**WHAT TO WORK ON**: Pictures stay out. Extract the lines below from the first one through the line with "Pánské pyžamo 42598", both included.

**PROVIDED ENTRIES**:
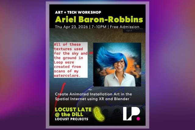 Technologist, educator, and Loop Art Critique founder Ariel Baron-Robbins will guide participants through the process of transforming handmade artwork into an immersive digital space by using digital scanning, Blender—an open source 3D modeling software—and XR environments. This hands-on workshop allows participants to build animated installations, experiment with interactive software, and learn to translate creative ideas into dynamic digital environments, with the final collaborative results transported for experience both online and in VR within the MUDVERSE by MUD Foundation.
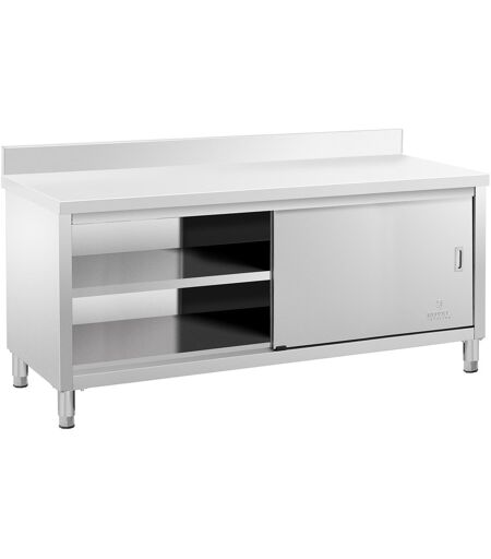 Royal Catering Tavolo acciaio inox con mobile - ECO - 200 x 60 cm - 600 kg - Alzatina - RCSSCB-200X60-E-B
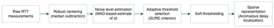 Schematic illustration of the data processing pipeline. Raw RTT measurements are centered using a robust location estimate, the noise level is estimated via a MAD-based procedure, an adaptive threshold is selected using the SURE criterion, and soft-thresholding is applied to obtain a sparse representation highlighting anomalous RTT components.
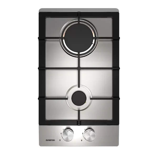 Nº de queimadores: 2 – principal (kW): 3,30 – auxiliar (kW): 1,00 Preparada para gás butano Kit de conversão para gás natural incluído Dimensões: 9x30x52cm Acendimento eletrónico Segurança termopar em cada queimador Grelha ferro fundido Comandos frontais em aço inoxidável Limpeza fácil Cor: Inox
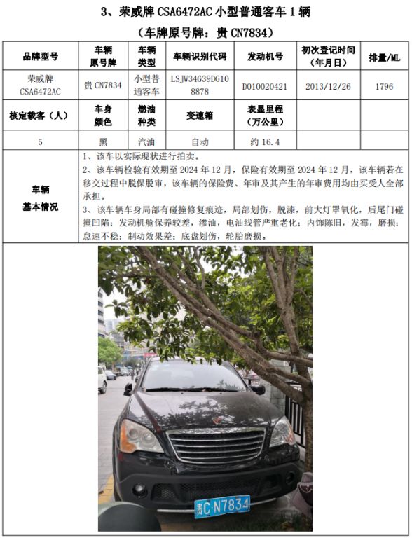 拍品編號2:梅賽德斯-奔馳牌FA6521小型普通客車1輛、榮威牌CSA6472AC小型普通客車3輛、雪佛蘭牌SGM6470TAAD小型普通客車1輛,共計5輛,整體拍賣
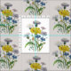 Old-fashioned botanical illustration of cornflowers in blue, yellow and white.
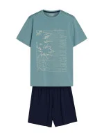 Pánské pyžamo 42598 Surf blue HENDERSON - z vysoce jakostní bavlny - tmavě modré tričko s krátkými rukávy - zdobené potiskem na přední straně - jednobarevné kraťasy - široký elastický pás
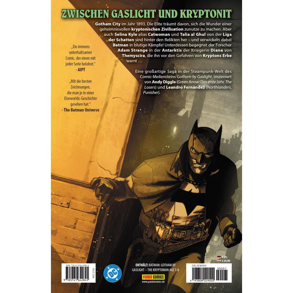 ZWISCHEN GASLICHT UND KRYPTONIT Gotham City im Jahr 1893. Die Elite träumt davon, sich die Wunder einer geheimnisvollen kryptonischen Zivilisation zunutze zu machen. Aber auch Selina Kyle alias Catwoman und Talia al Ghul von der Liga der Schatten sind hinter den Relikten her - und verwickeln dabei Batman in blutige Kämpfe! Unterdessen begegnet der Forscher Adam Strange in der Antarktis der Kriegerin Diana von Themyscira, die ihn vor den Gefahren von Kryptons Erbe warnt ... Eine großartige Saga in der Steampunk-Welt des Comic-Meilensteins Gotham by Gaslight, inszeniert von Andy Diggle (Green Arrow: Das erste Jahr, The Losers) und Leandro Fernández (Northlanders, Punisher). ENTHÄLT: BATMAN: GOTHAM BY GASLIGHT - THE KRYPTONIAN AGE 1-6
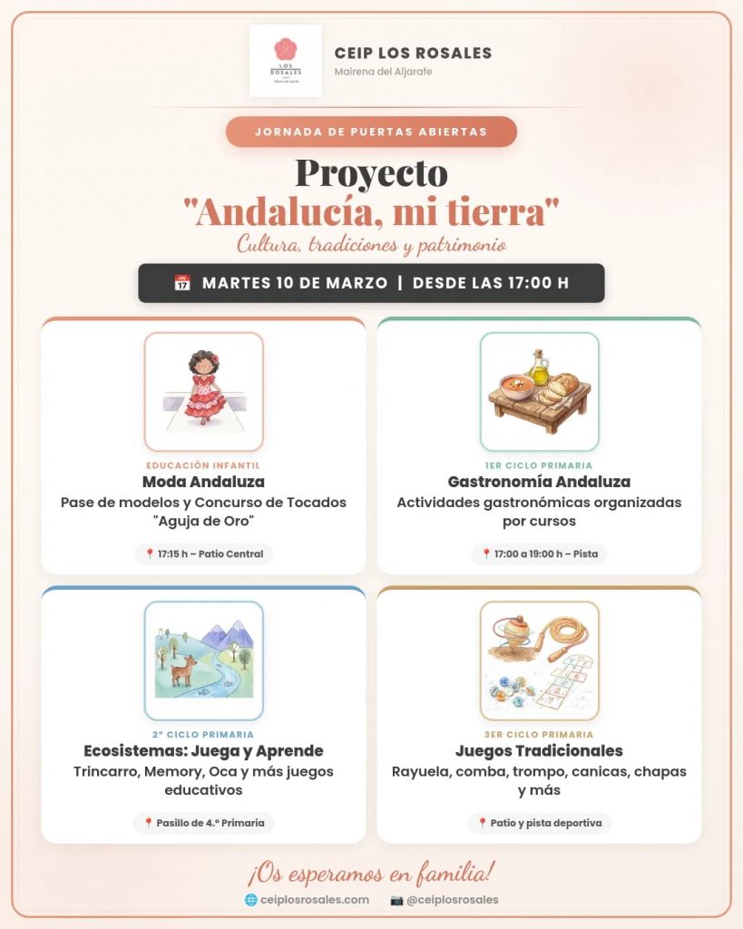 Nos complace invitarles a la Jornada de Puertas Abiertas que celebraremos la tarde del próximo martes 10 de marzo en nuestro centro, en el marco del proyecto “Andalucía, mi tierra”, en el que el alumnado ha estado trabajando durante estas semanas.
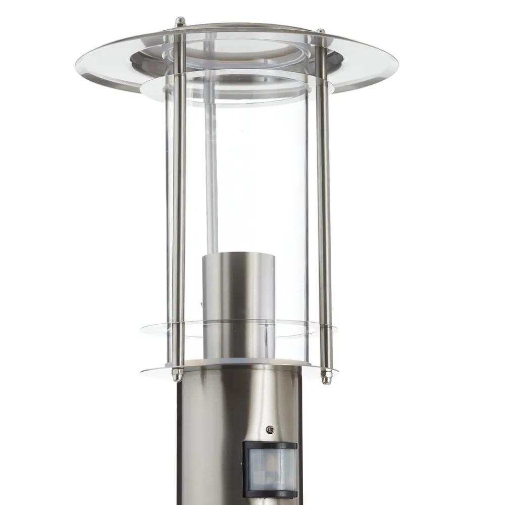 Denne moderne gadelampe i stål har et lige design med et slankt stel af lameller og stivere omkring lampekroppen i akrylglas. Den opfylder alle betingelser for IP44-beskyttelsesklasse og er velegnet til brug med LED-pærer. Bevægelsessensoren sikrer sikre skridt og kan indstilles i registreringsområdet samt i lysvarigheden.

**EXERCISE OUTPUT**:
 Technologist, educator, and Loop Art Critique founder Ariel Baron-Robbins will guide participants through the process of transforming handmade artwork into an immersive digital space by using digital scanning, Blender—an open source 3D modeling software—and XR environments. This hands-on workshop allows participants to build animated installations, experiment with interactive software, and learn to translate creative ideas into dynamic digital environments, with the final collaborative results transported for experience both online and in VR within the MUDVERSE by MUD Foundation.
 Royal Catering Tavolo acciaio inox con mobile - ECO - 200 x 60 cm - 600 kg - Alzatina - RCSSCB-200X60-E-B
 Schematic illustration of the data processing pipeline. Raw RTT measurements are centered using a robust location estimate, the noise level is estimated via a MAD-based procedure, an adaptive threshold is selected using the SURE criterion, and soft-thresholding is applied to obtain a sparse representation highlighting anomalous RTT components.
 Nº de queimadores: 2 – principal (kW): 3,30 – auxiliar (kW): 1,00 Preparada para gás butano Kit de conversão para gás natural incluído Dimensões: 9x30x52cm Acendimento eletrónico Segurança termopar em cada queimador Grelha ferro fundido Comandos frontais em aço inoxidável Limpeza fácil Cor: Inox
 拍品編號2:梅賽德斯-奔馳牌FA6521小型普通客車1輛、榮威牌CSA6472AC小型普通客車3輛、雪佛蘭牌SGM6470TAAD小型普通客車1輛,共計5輛,整體拍賣
 Old-fashioned botanical illustration of cornflowers in blue, yellow and white.
 Pánské pyžamo 42598 Surf blue HENDERSON - z vysoce jakostní bavlny - tmavě modré tričko s krátkými rukávy - zdobené potiskem na přední straně - jednobarevné kraťasy - široký elastický pás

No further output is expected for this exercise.